Required work ->
Reproduce exactly the lines from the one containing "1. Штифт-штифт: Кабель" through the end of the listing, minus the pictures.

Material provided ->
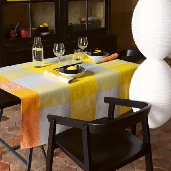 When Spring comes to coated fabric! Japanese influences have reinspired designers' imaginations this year. We find a mix and match of floral signatures and traditional kimono and Japanese paper motifs, revisited in a graphic square style. Available in three color ways.  Napkin not coated. Also available in a coated apron!
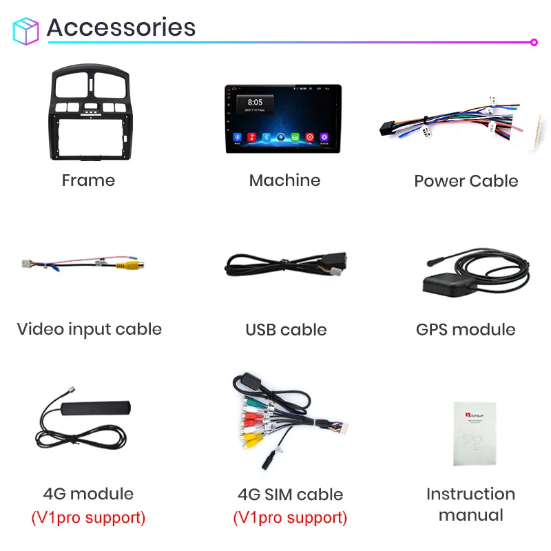 1. Штифт-штифт: Кабель питания Junsun radio' является штифтом для штифта, прост в установке;2. Встроенный Carplay/ Android Auto: Поддержка версии V1Pro, просто используйте кабель телефона, подключите его, стабильный и простой в использовании; (V1 поддерживает только Android Auto, но нужно покупать; V1C не поддерживает)3. Поддержка подголовника: только поддержка версии Junsun V1;
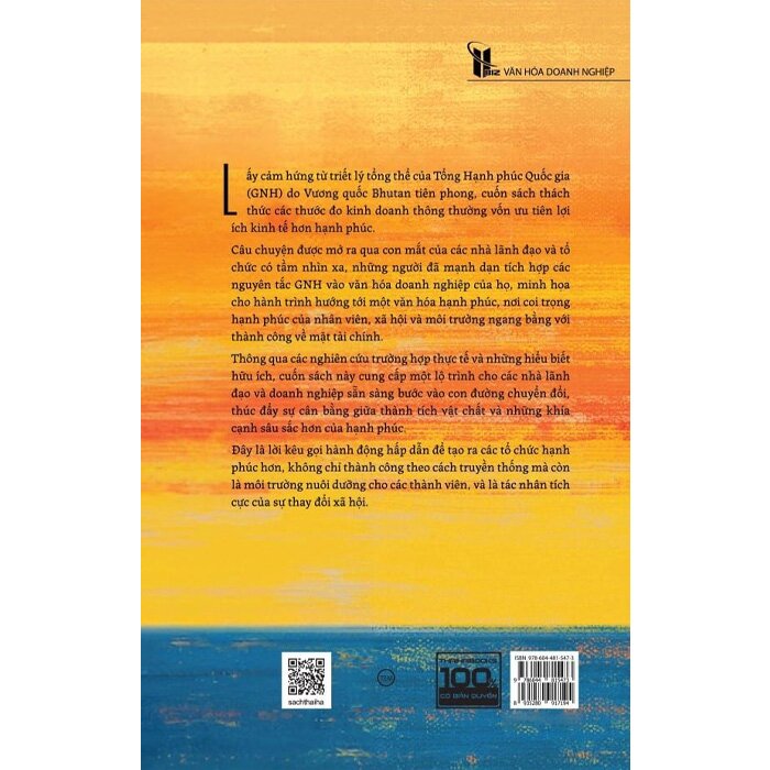 Lấy cảm hứng từ triết lý tổng thể của Tổng Hạnh phúc Quốc gia (GNH) do Vương quốc Bhutan tiên phong, cuốn sách thách thức các thước đo kinh doanh thông thường vốn ưu tiên lợi ích kinh tế hơn hạnh phúc.

Your solution ->
 1. Штифт-штифт: Кабель питания Junsun radio' является штифтом для штифта, прост в установке;2. Встроенный Carplay/ Android Auto: Поддержка версии V1Pro, просто используйте кабель телефона, подключите его, стабильный и простой в использовании; (V1 поддерживает только Android Auto, но нужно покупать; V1C не поддерживает)3. Поддержка подголовника: только поддержка версии Junsun V1;
 Lấy cảm hứng từ triết lý tổng thể của Tổng Hạnh phúc Quốc gia (GNH) do Vương quốc Bhutan tiên phong, cuốn sách thách thức các thước đo kinh doanh thông thường vốn ưu tiên lợi ích kinh tế hơn hạnh phúc.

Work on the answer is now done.